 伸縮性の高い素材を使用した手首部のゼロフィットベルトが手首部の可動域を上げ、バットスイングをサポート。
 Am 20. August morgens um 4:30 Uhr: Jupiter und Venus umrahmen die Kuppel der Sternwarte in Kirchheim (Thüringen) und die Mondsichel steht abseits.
━━━━
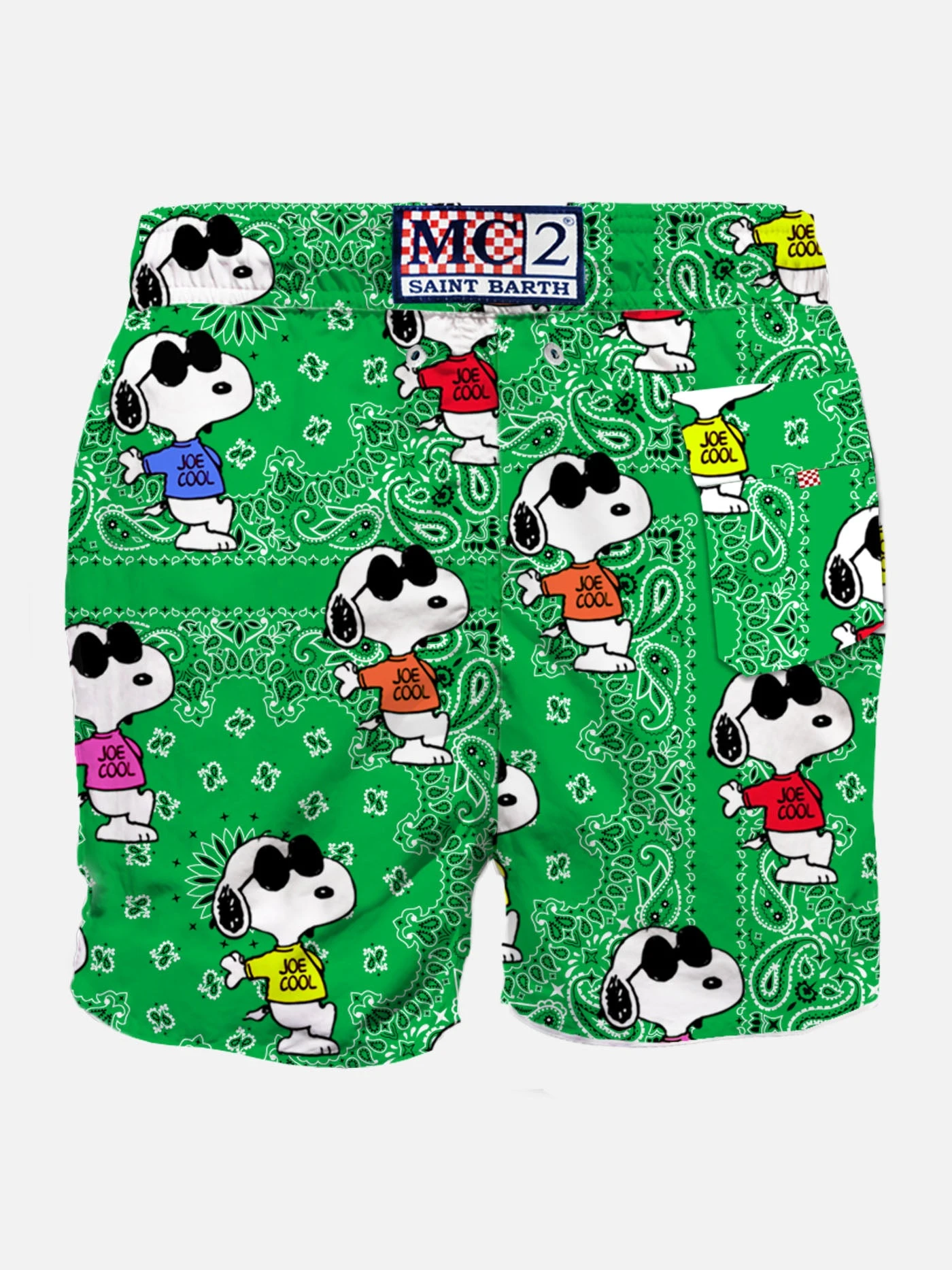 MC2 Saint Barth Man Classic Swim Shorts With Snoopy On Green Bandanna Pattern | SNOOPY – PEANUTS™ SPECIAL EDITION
━━━━
### Aim of the exercise:
Only the lines above starting at the line that holds "伸縮性の高い素材を使用した手" and ending at the line that holds "Am 20. August" are to be repeated, exactly and in full.

### Your response:
 伸縮性の高い素材を使用した手首部のゼロフィットベルトが手首部の可動域を上げ、バットスイングをサポート。
 Am 20. August morgens um 4:30 Uhr: Jupiter und Venus umrahmen die Kuppel der Sternwarte in Kirchheim (Thüringen) und die Mondsichel steht abseits.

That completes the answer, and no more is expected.